Valeant on Tuesday said it offered to swap each Allergan share for $48.30 in cash and 0.83 Valeant shares. Based on Valeant's closing price Monday, the deal values Allergan at about $152.89 a share.

Following the offer, Allergan shares jumped 15% to $162.99, suggesting that investors expect a higher offer down the road. Valeant, for its part, said the offer represents a substantial premium to Allergan's price of $116.63 on April 10, the day before Mr. Ackman's Pershing Square Capital Management L.P. crossed the 5% ownership level and began its rapid accumulation program.


Pershing owns a 9.7% stake in Allergan. Valued at about $4 billion, the stake represents his biggest investment ever, people familiar with the matter said. The firm has agreed to elect only stock consideration in the transaction and intends to remain a significant long-term shareholder of the combined company.

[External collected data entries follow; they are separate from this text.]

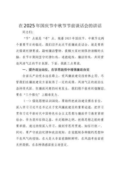 / 【七哥公文】2025年:在2025年国庆节中秋节节前谈话会的讲话+更多免费公文+VX:QiGeGongWen2024
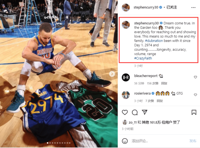 库里还晒出自己带着印有“2974并且还在继续”纪念帽的画面,并且晒出属于自己的纪念球——篮球上写着2974以及破纪录的日期,写着历史最伟大射手,还有亲笔签名。
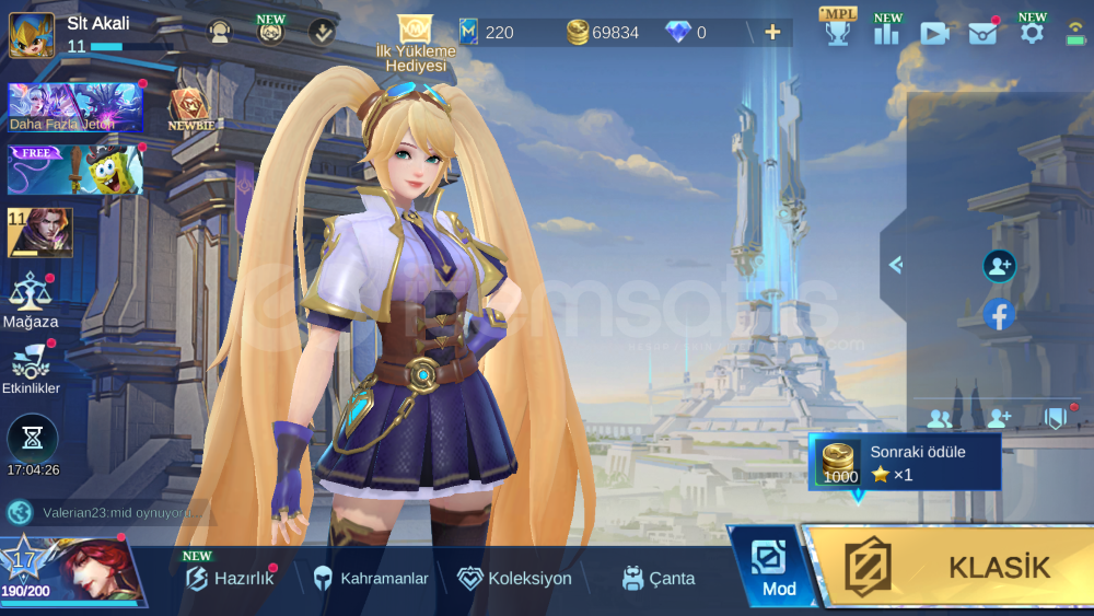 Mail ve şifresi ve oyunun içinde şifresi verilcektir.
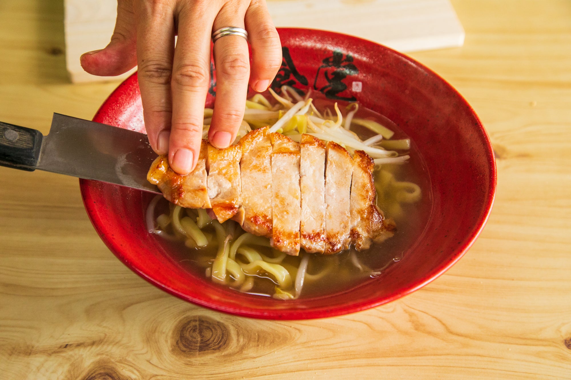 園食堂の肉タンメンには肩ロース薄切りもトッピングされていますが、この度の商品は焼きムラを防ぎ自宅で調理しやすい豚ロース肉100g1枚にしました。
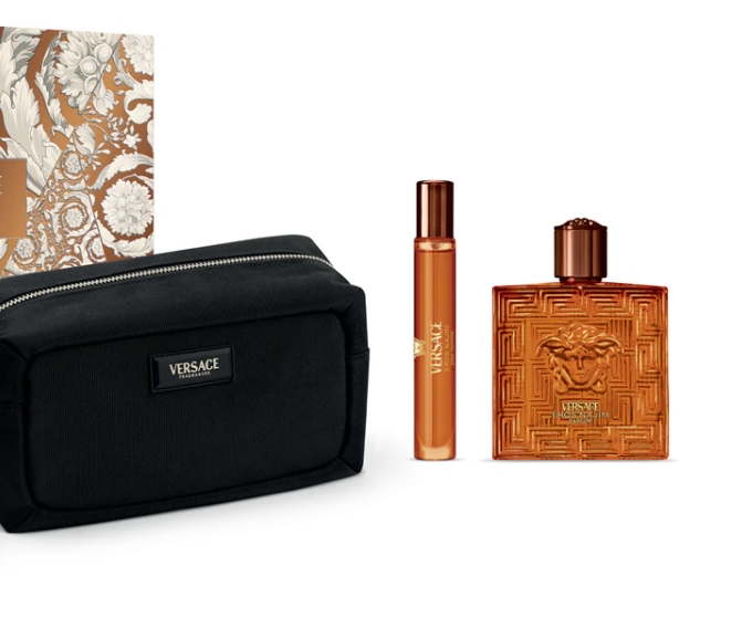 Setul cadou Versace Eros Najim pentru bărbați, compus din parfum 100 ml, mini 10 ml și geantă de cosmetice, poate fi cumpărat acum cu 370 lei pe Notino, redus de la 462 lei dacă aplici codul fragrance în coș. Notele de caramel, cardamom și smirnă îi dau o amprentă oriental-lemnoasă sofisticată. Primești și livrare gratuită 🎁🧳🔥.
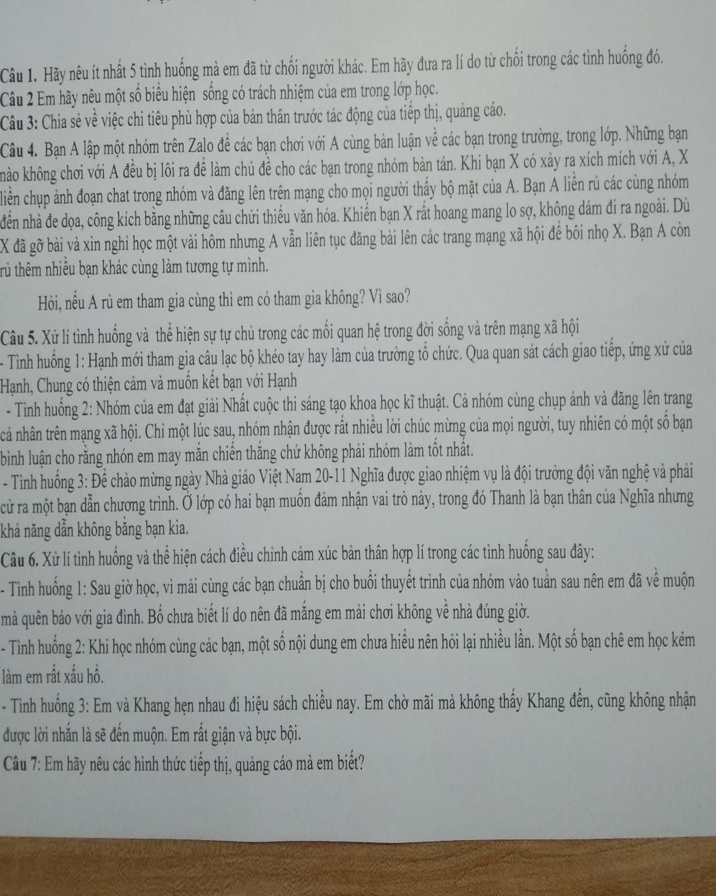 Câu 1. Hãy nêu ít nhất 5 tình huống mà em đã từ chối người khác. Em hãy đưa ra lí do từ chối trong các tình huống đó.
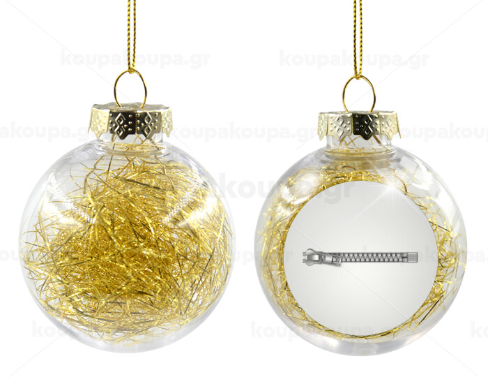 Zipper, Transparent Christmas tree ball ornament with gold filling 8cm
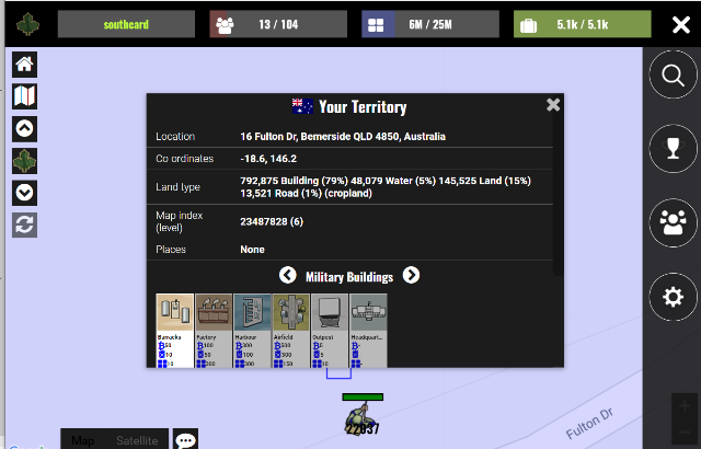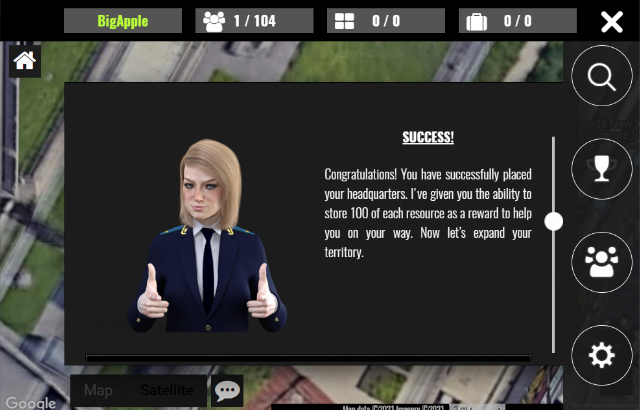 New players in W:GA can place their headquarters on any unoccupied address in the world.
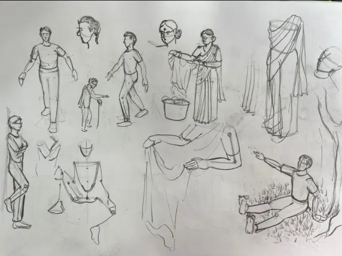 Q.3. Draw human figures in action showing different profiles, front view, side view and back view- performing various everyday activities like walking, running, bending, or lifting.
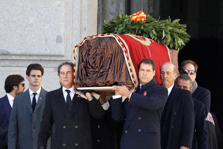 Sobre las 12.55, el ataúd ha sido trasladado en el coche fúnebre hasta uno de los aparcamientos del Valle de los Caídos y allí ha sido introducido en un helicóptero del Ejército para ser trasladado al cementerio de Mingorrubio, donde estaba previsto que fuera enterrado junto a su mujer, Carmen Polo.
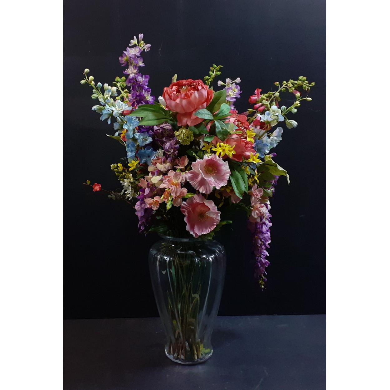 A wonderful large 39cm fluted urn shaped tall glass vase stuffed with quality silk flowers. An impressive and beautiful piece.
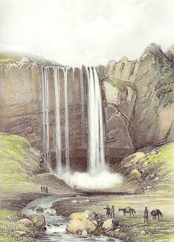 Seljalandsfoss. Illustration af A. E. F. Mayer, (1805-1890). Kilde: Íslandsmyndir Mayers 1836 (Billedet her fra 1839)
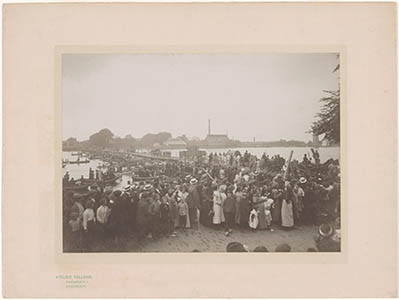 Koninging Wilhelmina woont oefening van korps Pontonniers …
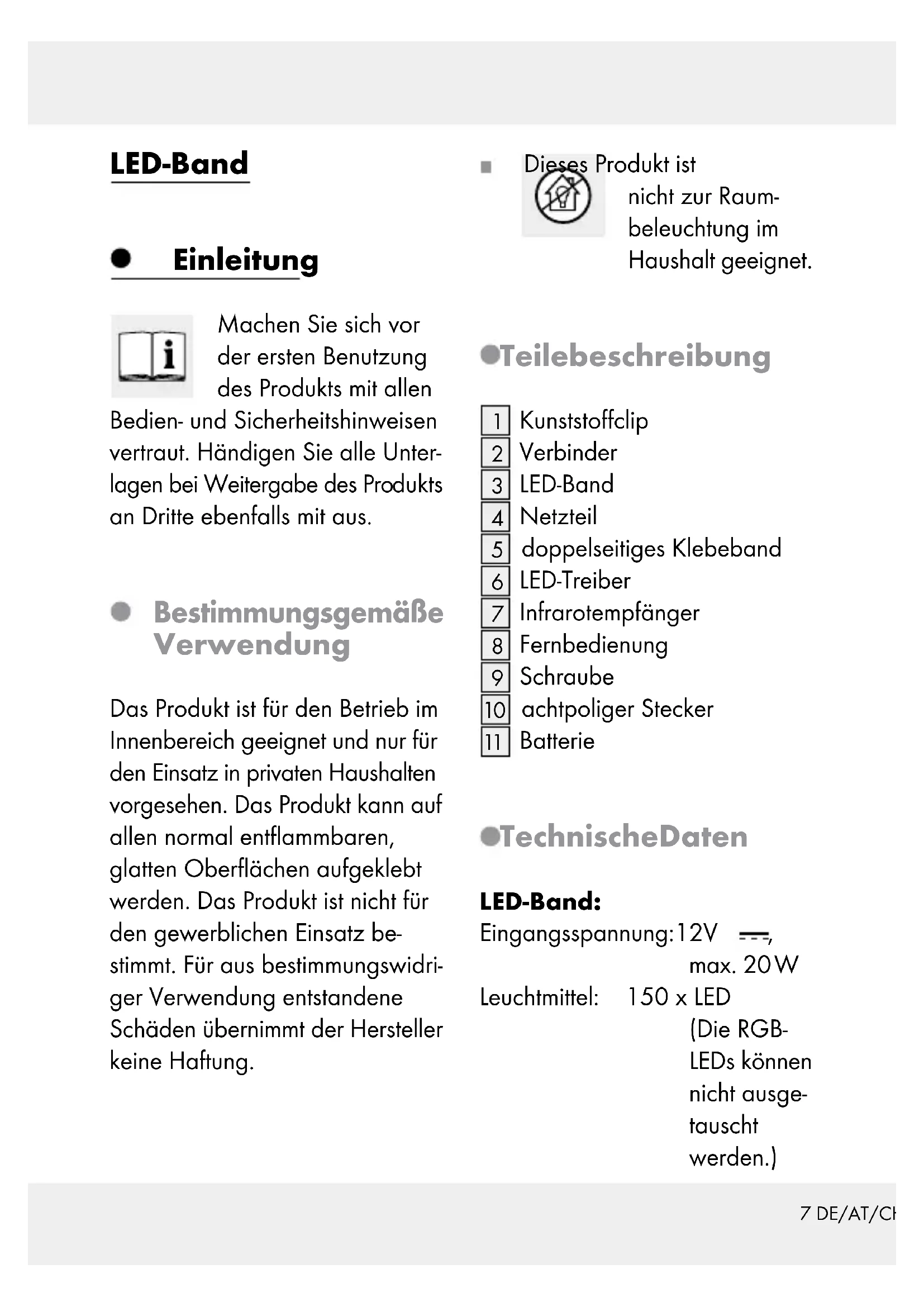 86 DE/AT/CH Einleitung Bestimmungsgemäße Verwendung ........................................ Seite 7 Teilebeschreibung ................................................................... Seite 7 Technische Daten .................................................................... Seite 7 Lieferumfang ............................................................................ Seite 8 Sicherheits hinweise .................................................... Seite 8 Sicherheitshinweise für Batterien ............................................ Seite 10 Montage ............................................................................... Seite 11 Inbetriebnahme LED-Band mittels Fernbedienung ein- / ausschalten .............. Seite 13 Leuchteffekte mittels Fernbedienung steuern ......................... Seite 14 Batterie wechseln .................................................................... Seite 14 Reinigung und Pflege ................................................ Seite 15 Entsorgung ......................................................................... Seite 15 Garantie ............................................................................... Seite 167 DE/AT/CH LED-Band Einleitung Machen Sie sich vor der ersten Benutzung des Produkts mit allen Bedien- und Sicherheitshinweisen vertraut. Händigen Sie alle Unter- lagen bei Weitergabe des Pro dukts an Dritte ebenfalls mit aus. Bestimmungsgemäße Verwendung Das Produkt ist für den Betrieb im Innenbereich geeignet und nur für den Einsatz in privaten Haushalten vorgesehen. Das Produkt kann auf allen normal entflammbaren, glatten Oberflächen aufgeklebt werden. Das Produkt ist nicht für den gewerblichen Einsatz be- stimmt. Für aus bestimmungswidri- ger Verwendung entstandene Schäden übernimmt der Hersteller keine Haftung. Dieses Produkt ist nicht zur Raum- beleuchtung im Haushalt geeignet. Teilebeschreibung
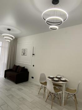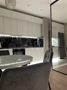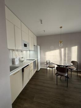 Квартира только после ремонта, выполнена из качественных материалов и укомплектована всем необходимым (даже посудой), Диван, кровать, 2тв, гардеробные, санузел, стиральная машина, посудомойка, варка, духовка, микроволновка (все встроенное), холодильник, кондиционер, подогреваемый пол. По желанию можно задекорировать интерьер под себя. Интернет, телевидение. Очень крутой вид на город, возможность вечером на балконе отдохнуть и любоваться ночными огнями

Allergan in a statement late Monday said its board would evaluate any offer or proposal received by Valeant and Pershing Square. At that point, the company said it "has had no discussions with either Valeant or Pershing Square with respect to this matter."

Valeant on Tuesday said it sees the deal producing at least $2.7 billion in cost savings, with 80% of that coming in the first six months. The combined company also would benefit from a high single-digit tax rate, Valeant said.

In addition, Valeant updated its guidance, saying it now expects its first-quarter per-share cash earnings to meet or beat analyst expectations. The company also raised its 2014 revenue range by $100 million.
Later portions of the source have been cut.